Top of AVAILABLE RECORDS
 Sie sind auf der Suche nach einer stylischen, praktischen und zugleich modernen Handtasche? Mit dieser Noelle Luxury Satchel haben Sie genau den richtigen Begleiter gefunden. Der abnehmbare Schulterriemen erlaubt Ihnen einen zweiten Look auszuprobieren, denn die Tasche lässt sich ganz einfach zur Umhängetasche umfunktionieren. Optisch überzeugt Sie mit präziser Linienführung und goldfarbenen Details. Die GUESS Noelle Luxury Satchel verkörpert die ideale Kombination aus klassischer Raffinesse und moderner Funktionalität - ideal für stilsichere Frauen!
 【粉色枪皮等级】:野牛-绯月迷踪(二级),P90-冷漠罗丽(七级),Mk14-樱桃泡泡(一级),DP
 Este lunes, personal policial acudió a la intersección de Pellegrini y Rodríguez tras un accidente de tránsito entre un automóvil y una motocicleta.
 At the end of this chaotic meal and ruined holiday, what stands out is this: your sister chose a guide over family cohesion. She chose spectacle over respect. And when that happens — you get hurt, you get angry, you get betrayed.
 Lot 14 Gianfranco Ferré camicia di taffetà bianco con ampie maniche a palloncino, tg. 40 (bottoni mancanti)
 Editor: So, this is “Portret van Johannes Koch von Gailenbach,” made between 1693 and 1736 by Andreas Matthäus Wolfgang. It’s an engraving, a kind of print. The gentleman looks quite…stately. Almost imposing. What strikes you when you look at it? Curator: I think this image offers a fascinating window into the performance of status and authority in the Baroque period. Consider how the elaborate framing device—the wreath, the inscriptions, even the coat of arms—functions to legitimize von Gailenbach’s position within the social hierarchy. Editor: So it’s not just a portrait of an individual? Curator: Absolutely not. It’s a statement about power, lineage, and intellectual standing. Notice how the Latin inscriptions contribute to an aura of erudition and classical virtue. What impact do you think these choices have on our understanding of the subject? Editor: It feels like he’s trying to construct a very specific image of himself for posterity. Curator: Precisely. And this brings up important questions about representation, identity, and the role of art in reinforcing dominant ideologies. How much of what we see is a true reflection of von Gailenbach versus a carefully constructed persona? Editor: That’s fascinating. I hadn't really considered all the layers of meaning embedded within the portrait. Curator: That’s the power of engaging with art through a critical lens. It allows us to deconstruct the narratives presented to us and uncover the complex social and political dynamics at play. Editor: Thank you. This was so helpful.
Bottom of AVAILABLE RECORDS
YOUR TASK: Print the material once more. Change nothing.

SOLUTION TO THE EXERCISE:
 Sie sind auf der Suche nach einer stylischen, praktischen und zugleich modernen Handtasche? Mit dieser Noelle Luxury Satchel haben Sie genau den richtigen Begleiter gefunden. Der abnehmbare Schulterriemen erlaubt Ihnen einen zweiten Look auszuprobieren, denn die Tasche lässt sich ganz einfach zur Umhängetasche umfunktionieren. Optisch überzeugt Sie mit präziser Linienführung und goldfarbenen Details. Die GUESS Noelle Luxury Satchel verkörpert die ideale Kombination aus klassischer Raffinesse und moderner Funktionalität - ideal für stilsichere Frauen!
 【粉色枪皮等级】:野牛-绯月迷踪(二级),P90-冷漠罗丽(七级),Mk14-樱桃泡泡(一级),DP
 Este lunes, personal policial acudió a la intersección de Pellegrini y Rodríguez tras un accidente de tránsito entre un automóvil y una motocicleta.
 At the end of this chaotic meal and ruined holiday, what stands out is this: your sister chose a guide over family cohesion. She chose spectacle over respect. And when that happens — you get hurt, you get angry, you get betrayed.
 Lot 14 Gianfranco Ferré camicia di taffetà bianco con ampie maniche a palloncino, tg. 40 (bottoni mancanti)
 Editor: So, this is “Portret van Johannes Koch von Gailenbach,” made between 1693 and 1736 by Andreas Matthäus Wolfgang. It’s an engraving, a kind of print. The gentleman looks quite…stately. Almost imposing. What strikes you when you look at it? Curator: I think this image offers a fascinating window into the performance of status and authority in the Baroque period. Consider how the elaborate framing device—the wreath, the inscriptions, even the coat of arms—functions to legitimize von Gailenbach’s position within the social hierarchy. Editor: So it’s not just a portrait of an individual? Curator: Absolutely not. It’s a statement about power, lineage, and intellectual standing. Notice how the Latin inscriptions contribute to an aura of erudition and classical virtue. What impact do you think these choices have on our understanding of the subject? Editor: It feels like he’s trying to construct a very specific image of himself for posterity. Curator: Precisely. And this brings up important questions about representation, identity, and the role of art in reinforcing dominant ideologies. How much of what we see is a true reflection of von Gailenbach versus a carefully constructed persona? Editor: That’s fascinating. I hadn't really considered all the layers of meaning embedded within the portrait. Curator: That’s the power of engaging with art through a critical lens. It allows us to deconstruct the narratives presented to us and uncover the complex social and political dynamics at play. Editor: Thank you. This was so helpful.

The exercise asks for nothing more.